Brown and her assistant, Melissa Edwards — Pierson’s former coach — were hoping to practice in the school’s gym at 8 a.m. Saturday, after it had become clear a nonleague game that was to have been played at Hampton Bays that morning had been rained out. “But the boys lacrosse ‘media day’ got moved inside from the turf, so we practiced at 6:30.”

That session, she said, largely concentrated on first-and-third situations,

“what to do when their runner on first heads for second and the one on third moves toward home. Deer Park pulled that on us more than once, and we didn’t react well. The ball’s supposed to go to the shortstop coming in. . . . Basically, I think we were very nervous on Friday.”

In general, it had been a trial by fire lately for her young players, who hadn’t much time to prepare, Brown said. “I do think, though, that we’ll be okay.”
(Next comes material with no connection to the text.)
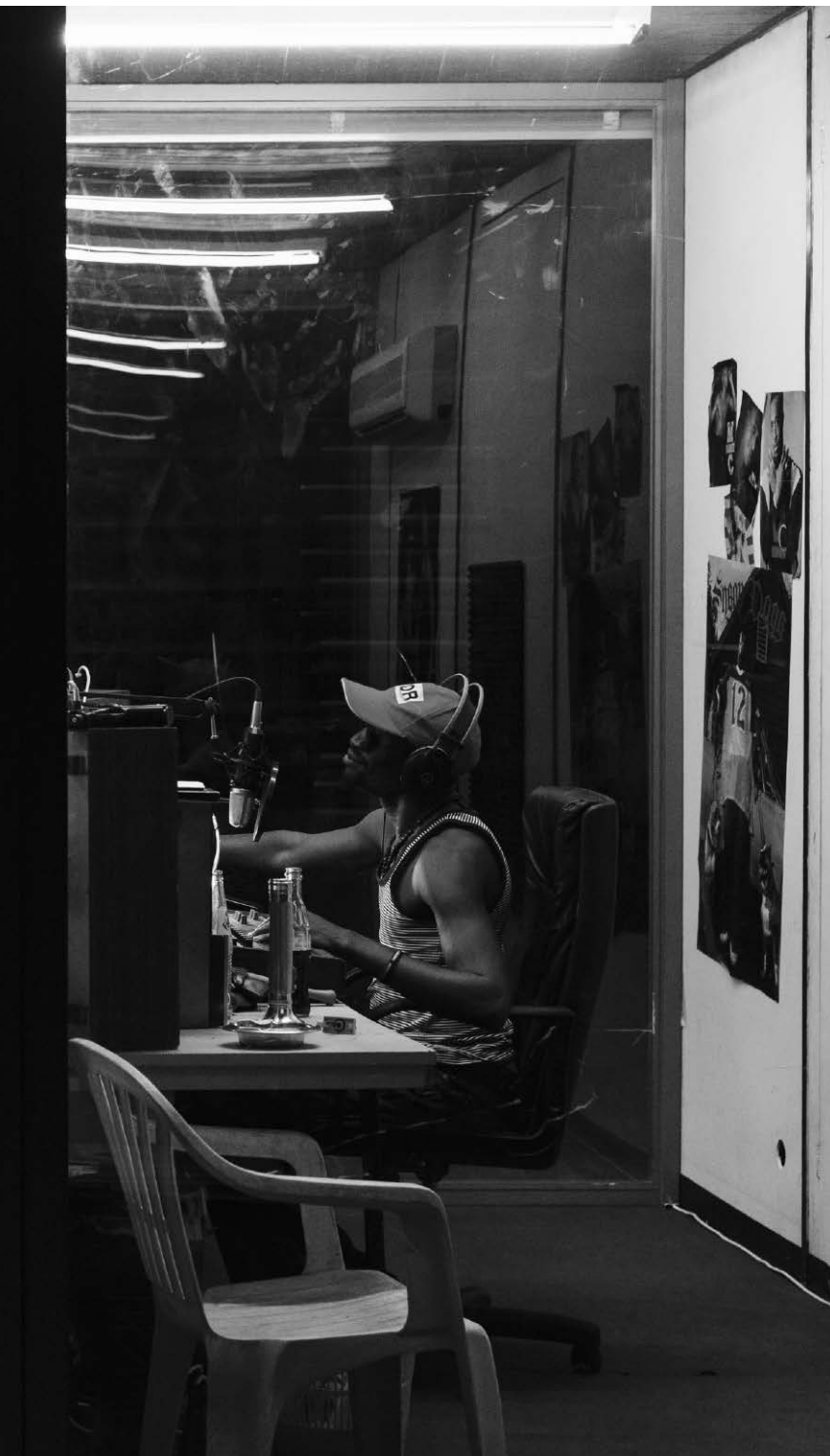
Hate Radio de Milo Rau, présenté au Festival d'Avignon 2013.

Having Edwards, a fellow phys ed teacher at the John M. Marshall Elementary School, as her assistant has been “a great addition,” said Brown, adding that Melanie Anderson and Mylan Eckhart, her former assistants, would “help out when they can. . . . Mylan and Jeff Tupper put on a Little League clinic at John Marshall on Saturday, and 60 third-through-seventh-grade girls showed up! These clinics are going to continue at Stephen Hand’s Path. There are a lot of good athletes coming up — the future looks bright.”

Brown’s former high school coach, Lou Reale, who turned East Hampton softball into a playoff contender at the turn of this century — having done the same at Bayport before that — is to be inducted into New York State’s softball Hall of Fame in June. Reale has picked her as his award-presenter.